Exercise instructions: Return the entries below in their exact form, leaving the pictures out.

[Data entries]
= Beginning of Section =

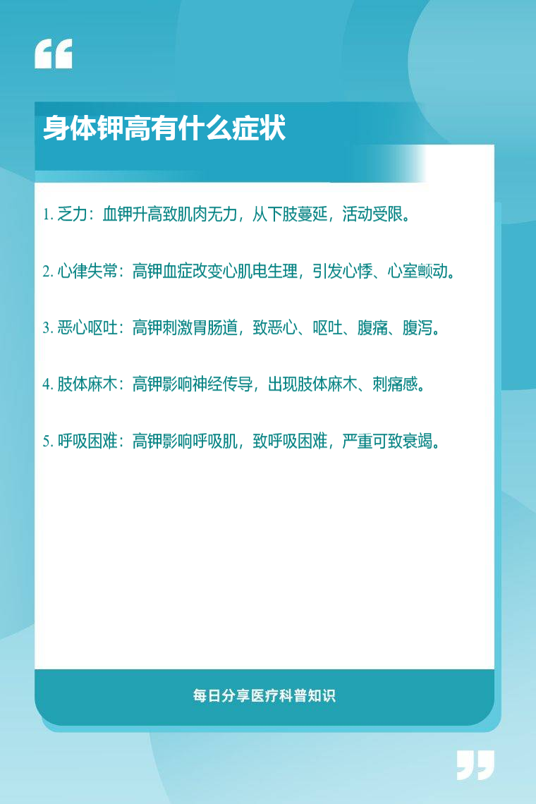 身体钾高的症状有乏力、心律失常、恶心呕吐、肢体麻木、呼吸困难等。
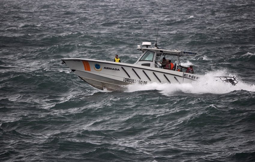 Integrantes de la Armada de República Dominicana realizan labores de búsqueda de un adolescente de 13 años que desapareció en aguas del Caribe, durante el paso del huracán Melissa este sábado, en Santo Domingo (República Dominicana).
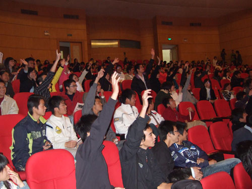 "学习十七大 建和谐法政"主题系列活动之"我们的热血青春"红歌会在南校区音乐厅隆重上演。出席的嘉宾有法政麻将胡了试玩
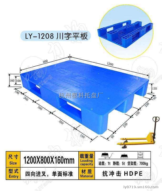 力扬塑料托盘厂采用高强度EPS30R原材料生产的各种规格塑料托盘、仓储垫板,整体承载性好、抗冲击性强、耐温性好。同时开发出啤酒饮料自动流水线专用托盘和仓储物流专用货架托盘主要规格型号:1400*1200*150 1400*1100*150 1300*1100*150 1200*1200*150 1200*1000*150 1100*1100*150 1200*800*160 1400*1200*140 843*435*63 540*345*55 1125*700*150 1200*1000*140 1200*1100*140 1200*1200*140 1000*800*160 1200*1100*150(MM)等双面、单面、川字底、九脚底等规格系列托盘及垫仓板。我公司生产的塑料托盘以广泛应用于食品、医药、化工、啤酒饮料、服装、电子等各企事业单位的生产与仓储过程。节省了人力物力,缩短了物流周转时间提高了工作效率
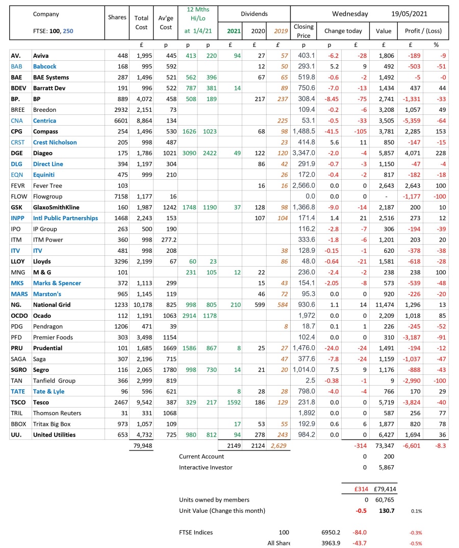 as at close of business Wednesday 19 May 2021
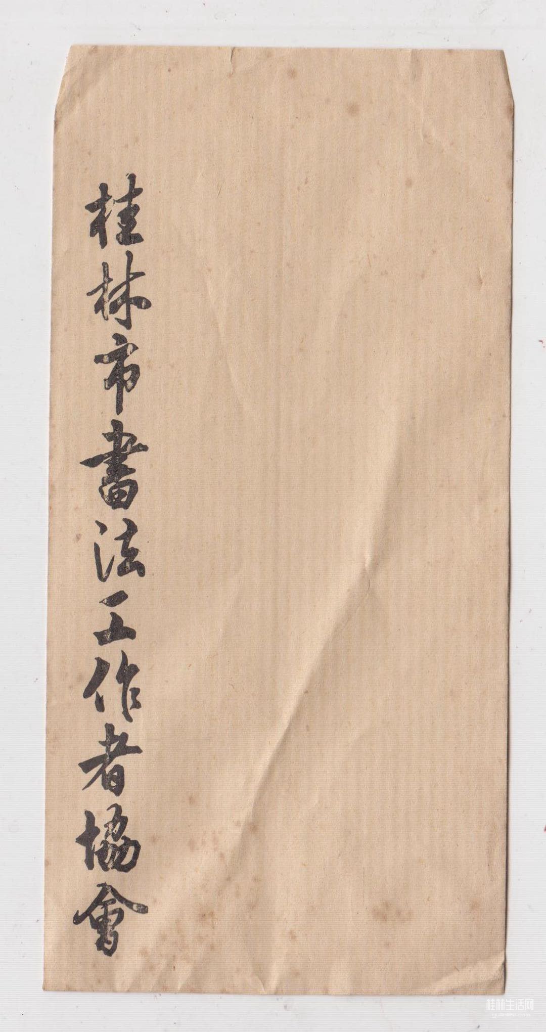 最早用于寄发通知的信封。字迹为60年代的桂林领导题写。书法一行对于我们这一辈人来讲,已经落伍了。我深深的理解这点,但我还在继续学习(我这种学习不是为了追求参展、获奖,而是练拳脚,不被人诟病冷言。中国书协资深会员,近75岁的人,东西拿出来展示不至于人家不相信,起码还过得眼,微微点头认可:不是“老干体”)我还在习帖写草书,也兼写各种字帖。博学、多练没有坏处。(食物多样性有利健康、卤水香料多种奇特出味,中草药杂把股东可治病康复。融会贯通拿捏自如,这是我借用的理论。字体习多识广,随机应变写得出,对付各种场合;练字抄唐宋诗词,积累文学涵养,应用到作文叙事中;把握各种粗细、大小、轻重、软硬、叉顺的毛笔,有数于心里头,运转于手掌中。)变换着姿势,地上书。(视野宽阔,如意把握布局。这是学过素描写生的姿势运用。)我没有那么多闲钱买宣纸就用旧报纸(三张直条粘成2.4米长)练习,桌面上就用大笔练榜书,(多支大笔已经开叉、废了,还在就着它用,目的是研究一下方位角度让它出意外效果。)墨是10公斤再15公斤的桶装买。已经练过卖废旧报纸千余斤了(不是吹牛,有照片斤两留存)(有人讲,我们已经被书协的展览边缘化了。没错,是事实。我要是再不努力,一样被拿下,那还要脸忸哦。哪喊你几十年写的字总是那个样子,陈陈相因,没有变化,更无创新。其实我也在认真思考。跟时风我们跟不来了,这弯太急转不过来。确实我们要把书法和毛笔字分开认识。我坦诚,自己还停留在写毛笔字的水平上,个个认得、人人认可。要是写点你们认不得的那才是书法。而求我写字多数人还是要我的毛笔字。人家不认可我的书法。为了有点小利,添补家用,那只好看人心里,客随主便。)
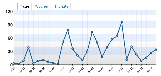 An Spitzentagen 120 Views das sind mindestens 30 Leser/Tag

= End of Section =

Solved problem:
 身体钾高的症状有乏力、心律失常、恶心呕吐、肢体麻木、呼吸困难等。
 Integrantes de la Armada de República Dominicana realizan labores de búsqueda de un adolescente de 13 años que desapareció en aguas del Caribe, durante el paso del huracán Melissa este sábado, en Santo Domingo (República Dominicana).
 "学习十七大 建和谐法政"主题系列活动之"我们的热血青春"红歌会在南校区音乐厅隆重上演。出席的嘉宾有法政麻将胡了试玩
 力扬塑料托盘厂采用高强度EPS30R原材料生产的各种规格塑料托盘、仓储垫板,整体承载性好、抗冲击性强、耐温性好。同时开发出啤酒饮料自动流水线专用托盘和仓储物流专用货架托盘主要规格型号:1400*1200*150 1400*1100*150 1300*1100*150 1200*1200*150 1200*1000*150 1100*1100*150 1200*800*160 1400*1200*140 843*435*63 540*345*55 1125*700*150 1200*1000*140 1200*1100*140 1200*1200*140 1000*800*160 1200*1100*150(MM)等双面、单面、川字底、九脚底等规格系列托盘及垫仓板。我公司生产的塑料托盘以广泛应用于食品、医药、化工、啤酒饮料、服装、电子等各企事业单位的生产与仓储过程。节省了人力物力,缩短了物流周转时间提高了工作效率
 as at close of business Wednesday 19 May 2021
 最早用于寄发通知的信封。字迹为60年代的桂林领导题写。书法一行对于我们这一辈人来讲,已经落伍了。我深深的理解这点,但我还在继续学习(我这种学习不是为了追求参展、获奖,而是练拳脚,不被人诟病冷言。中国书协资深会员,近75岁的人,东西拿出来展示不至于人家不相信,起码还过得眼,微微点头认可:不是“老干体”)我还在习帖写草书,也兼写各种字帖。博学、多练没有坏处。(食物多样性有利健康、卤水香料多种奇特出味,中草药杂把股东可治病康复。融会贯通拿捏自如,这是我借用的理论。字体习多识广,随机应变写得出,对付各种场合;练字抄唐宋诗词,积累文学涵养,应用到作文叙事中;把握各种粗细、大小、轻重、软硬、叉顺的毛笔,有数于心里头,运转于手掌中。)变换着姿势,地上书。(视野宽阔,如意把握布局。这是学过素描写生的姿势运用。)我没有那么多闲钱买宣纸就用旧报纸(三张直条粘成2.4米长)练习,桌面上就用大笔练榜书,(多支大笔已经开叉、废了,还在就着它用,目的是研究一下方位角度让它出意外效果。)墨是10公斤再15公斤的桶装买。已经练过卖废旧报纸千余斤了(不是吹牛,有照片斤两留存)(有人讲,我们已经被书协的展览边缘化了。没错,是事实。我要是再不努力,一样被拿下,那还要脸忸哦。哪喊你几十年写的字总是那个样子,陈陈相因,没有变化,更无创新。其实我也在认真思考。跟时风我们跟不来了,这弯太急转不过来。确实我们要把书法和毛笔字分开认识。我坦诚,自己还停留在写毛笔字的水平上,个个认得、人人认可。要是写点你们认不得的那才是书法。而求我写字多数人还是要我的毛笔字。人家不认可我的书法。为了有点小利,添补家用,那只好看人心里,客随主便。)
 An Spitzentagen 120 Views das sind mindestens 30 Leser/Tag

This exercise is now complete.